Gerd Leipold

Gerd Leipold

From 2001 to 2009, Goldleball served as the Executive Director of Greenpeace International, leading the global organization and overseeing all its activities. He has worked for Greenpeace for over 20 years and has a long-term cooperative relationship with

2019-03-30  

From 2001 to 2009, Goldleball served as the Executive Director of Greenpeace International, leading the global organization and overseeing all its activities. He has worked for Greenpeace for over 20 years and has a long-term cooperative relationship with the organization.
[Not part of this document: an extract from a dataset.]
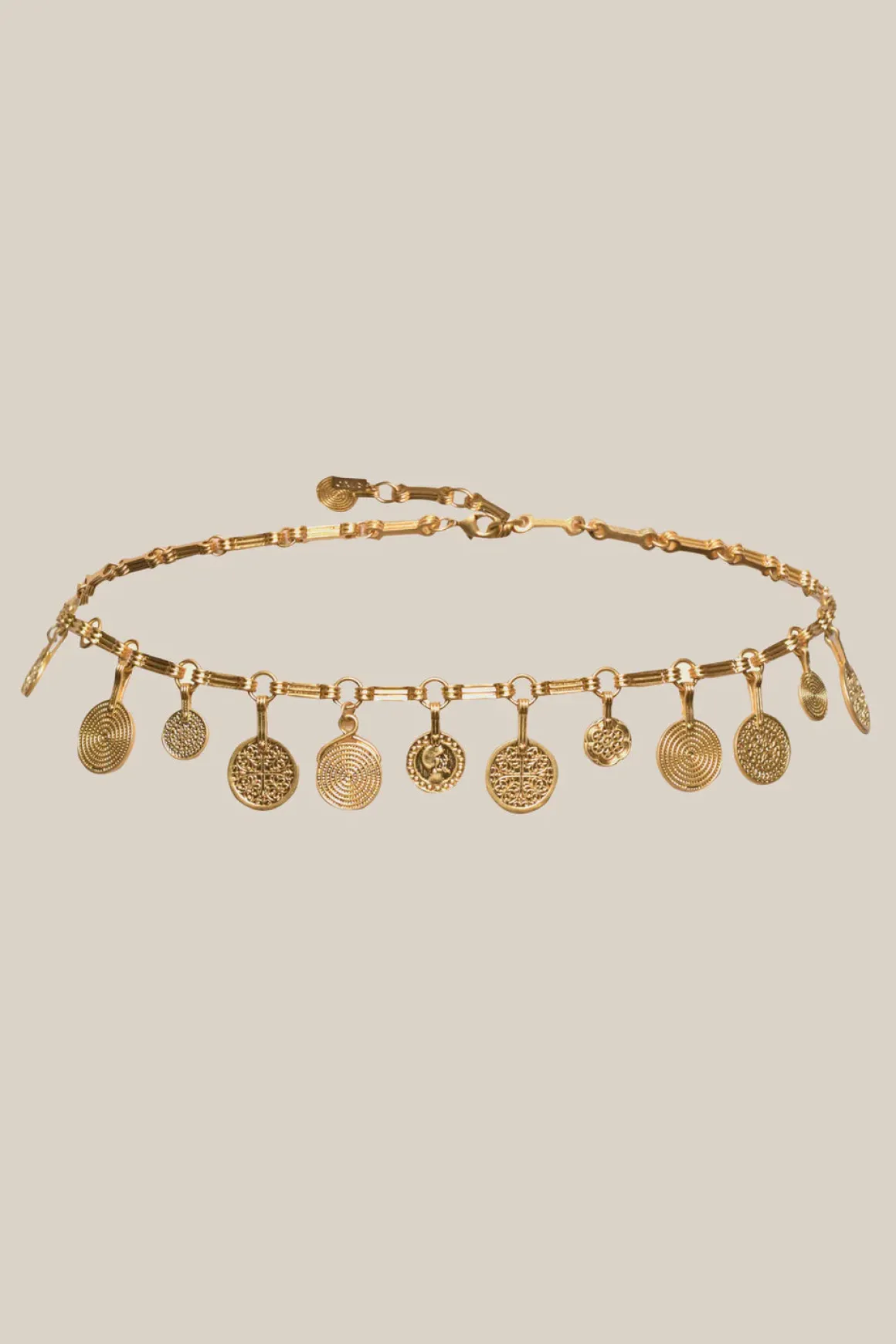 Add a touch of luxury to your wardrobe with the RIXO Isolde Belt in Gold. Crafted from 18-karat gold plated zinc, this belt features a secure lobster clasp fastening and an adjustable length for the perfect fit. Plus, it’s nickel-free, making it both stylish and skin-friendly. Elevate any outfit with this statement accessory.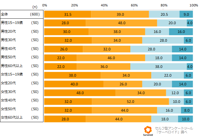 本調査を転載・ご利用の際は、「セルフ型アンケートツール「Surveroid(https://surveroid.jp/)調べ」の記載をお願いいたします。

In the 1980s, he was the executive director of Greenpeace in Germany; From 1987 to 1992, he organized the International Disarmament Movement. He holds a doctoral degree in oceanography and has been a scientist at the Max Planck Institute of Meteorology in Hamburg and the Scripps Institute of Oceanography, mainly engaged in research on numerical models of ocean circulation. Goldlebolt studied physics and meteorology in Munich, Hamburg, La Jolla, and Santiago, and later worked on climate research at the Max Planck Institute of Meteorology in Hamburg. He has launched multiple outstanding initiatives at Greenpeace. In August 1983, he flew a hot air balloon from West Berlin to the former GDR of East Germany to protest against nuclear weapons tests carried out by the four occupying powers. In the same year, he became a member of the Greenpeace organization in Germany. Under his leadership, the organization grew from a small volunteer group to the largest environmental organization in Germany with 80 employees, earning an annual income of 50 million DM, a German monetary unit. Between 1990 and 1992, he led the international disarmament movement of Greenpeace and coordinated over 50 international maritime movements. He adhered to his beliefs and beliefs, and when President George W. Bush refused to sign the Kyoto Protocol, he described it as an enemy of environmental protection.